Safe file name comparison

WEBINAR: On-demand webcast

How to Boost Database Development Productivity on Linux, Docker, and Kubernetes with Microsoft SQL Server 2017 REGISTER >

Did you ever need to know, wether two given filenames point to the same file in the filesystem or not ?
Since Microsoft provides UNC paths, every file may have two valid names: a short (traditional) and a long file name. OK - one could convert the long file name into a short one and compare these two names; but that will lead to two problems:

o How does one determine which of the two names is the short one and which is the long ?
o There is no API-function that will convert a long file name into a short one. There are (of course) some descriptions of how one can do this, but that's it.

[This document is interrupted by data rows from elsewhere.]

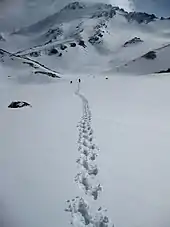 The summer climbing season runs from late April until October, although many attempts are made in the winter.[4] In winter, Sargents Ridge and Casaval Ridge, to the east and west of Avalanche Gulch,[38] respectively, become the most traveled routes, to avoid avalanche danger. Mount Shasta is also a popular destination for backcountry skiing. Many of the climbing routes can be descended by experienced skiers, and there are numerous lower-angled areas around the base of the mountain.[4]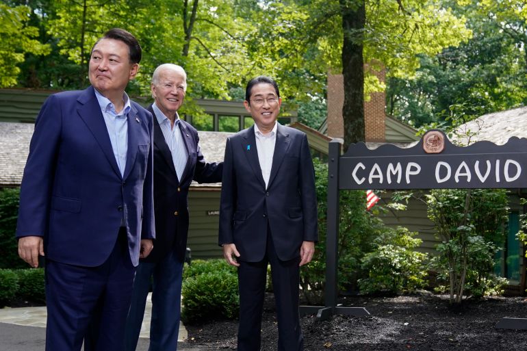 The event at the Camp David presidential retreat on Friday marked the first official meeting between US President Joe Biden, his South Korean counterpart, Yoon Suk-yeol, and Japanese Prime Minister Fumio Kishida.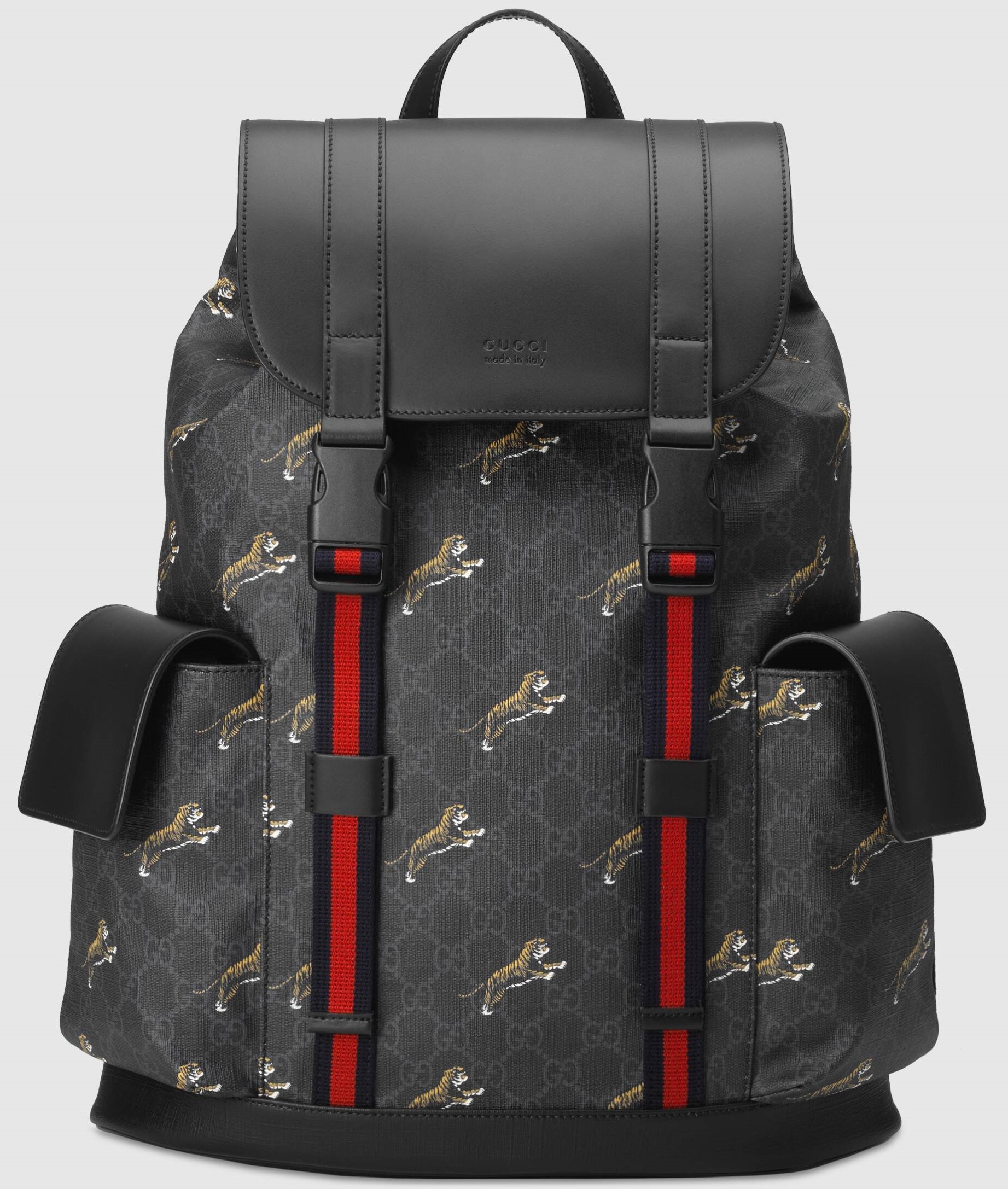 - GG Supreme Rucksack, verziert mit einem Tiger-Print (Alessandro Michele machte dieses Tier zum Symbol der Marke). Das Produkt besteht aus textilen Materialien und Polyurethan. Der Rucksack ist in der Herbst-Winter-Kollektion 2019 enthalten. Die Kosten betragen 128.000 Rubel.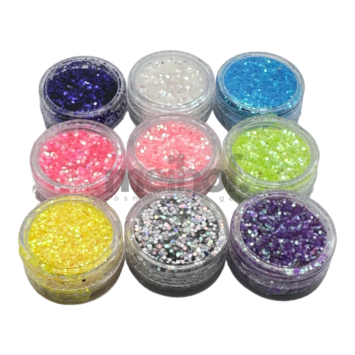 Set = 9 Döschen mit Glitter Pailetten Mix in unterschiedlicher Farbvariationen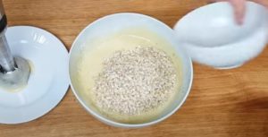 - Acrescente a aveia, o fermento, a canela, a chia e bata novamente.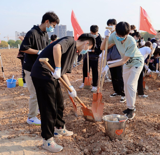 活动之初,后勤集团负责人为此次活动做动员,他提到:“公司高度重视公司绿化工作,本次翻地的劳动任务很有意义。”随后,在老师的带领下,同学们来到香帅楼东侧,大家带上手套拿起锄头开始工作,大家合理分工,互相配合,部分同学翻地,部分同学处理土壤中的碎石,工作井然有序。活动最后,同学们顺利完成任务,根据安排归还工具,有序集合。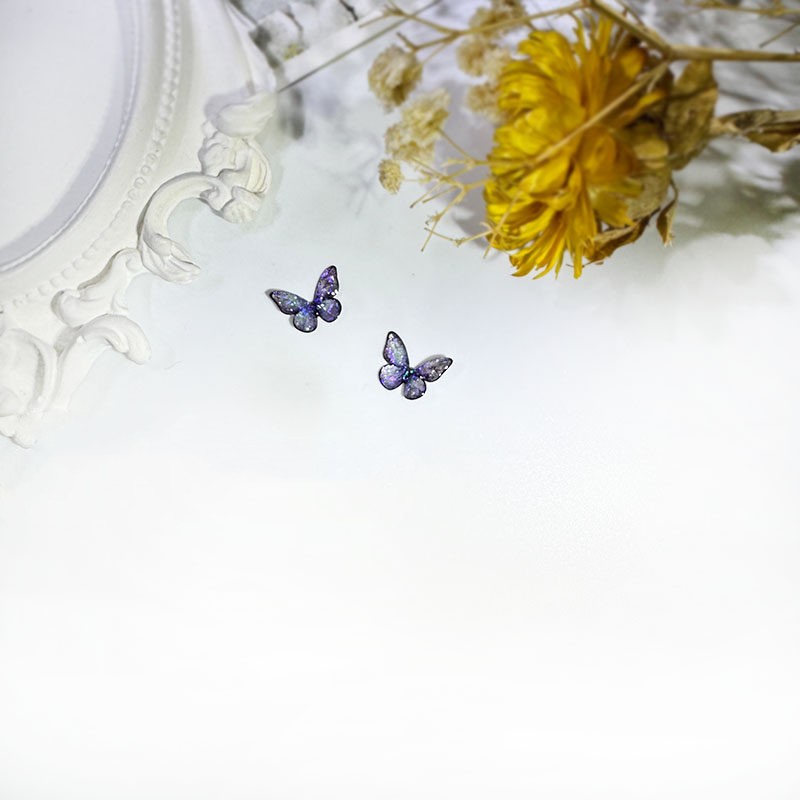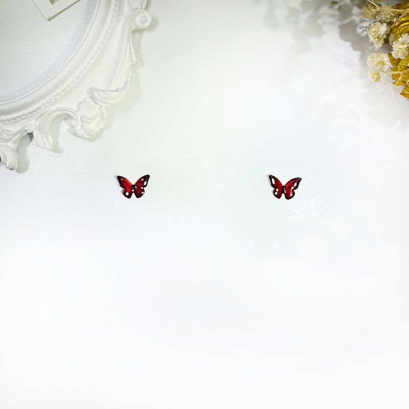 Colors: blue pair (resin ear clips), gray-purple pair (resin ear clips), moonlight white pair (resin ear clips), red pair (resin ear clips), gray-green pair (resin ear clips), orange pair (resin ear clips), retro green pair (resin ear clips), ink-wash butterfly pair (resin ear clips) and black butterfly pair.

Fortunataly there is another solution. The Win95/NT shell deals with PIDLs (pointers to item identifier lists) instead. Every file in the filesystem has one unique PIDL, so the idea of comparing to file names is to compare their PIDLs.
The bad point is, that this requires some knowledge of the (sucking) COM interface mechanism...

Here is the way it does:
#include "stdafx.h"
#include <shlobj.h>

// this function compares the PIDLs of two file names.
// NOTE that you cannot compare the names directly (strcmp() for
// instance), because one of the names might appear in
// long file name format and the other in short file name
// format.
// The function returns TRUE, if <pszPath1> and <pszPath2>
// name the same file in the filesystem, otherwise FALSE.
//
// <pszPath1> and <pszPath2> shall be absolute pathnames ...
BOOL CompareFilenames( LPCSTR pszPath1, LPCSTR pszPath2 ) {
	VERIFY(pszPath1 != 0);
	VERIFY(pszPath2 != 0);

	CoInitialize(0) ;

	BOOL bRet = FALSE;

	LPSHELLFOLDER pDesktopFolder;

	if( SUCCEEDED( SHGetDesktopFolder(&pDesktopFolder)) ) {
		// COM-interface always needs unicode strings ...
		OLECHAR	olePath1[MAX_PATH], olePath2[MAX_PATH];
		MultiByteToWideChar(CP_ACP, MB_PRECOMPOSED, pszPath1, -1, olePath1, MAX_PATH);
		MultiByteToWideChar(CP_ACP, MB_PRECOMPOSED, pszPath2, -1, olePath2, MAX_PATH);

		// retrieve PIDLs
		LPITEMIDLIST pidl1, pidl2;
		DWORD dwAttr;
		DWORD dummy;
		if( SUCCEEDED(pDesktopFolder->ParseDisplayName(0, 0, olePath1, &dummy, &pidl1, &dwAttr)) &&
			SUCCEEDED(pDesktopFolder->ParseDisplayName(0, 0, olePath2, &dummy, &pidl2, &dwAttr)) ) {

			// now we can compare the PIDLs
			HRESULT hRes = pDesktopFolder->CompareIDs(0, pidl1, pidl2);
			if( HRESULT_CODE(hRes) == 0 )
				bRet = TRUE;

			// free the PIDLs (do not forget this !) ...
			LPMALLOC pMalloc;
			SHGetMalloc(&pMalloc);
			pMalloc->Free((void *)pidl1);
			pMalloc->Free((void *)pidl2);
			pMalloc->Release();
		}
		pDesktopFolder->Release();
	}

	CoUninitialize();

	return bRet;
}



Comments

  • Yet another (easier?) way...

    Posted by Legacy on 11/17/1998 12:00am

    Originally posted by: Ken Sutherland

    Doesn't this routine do the same thing without all the nasty COM
    
    stuff? Is there anything wrong with this routine? Are there any
    cases which it will fail (like networked drives, etc)?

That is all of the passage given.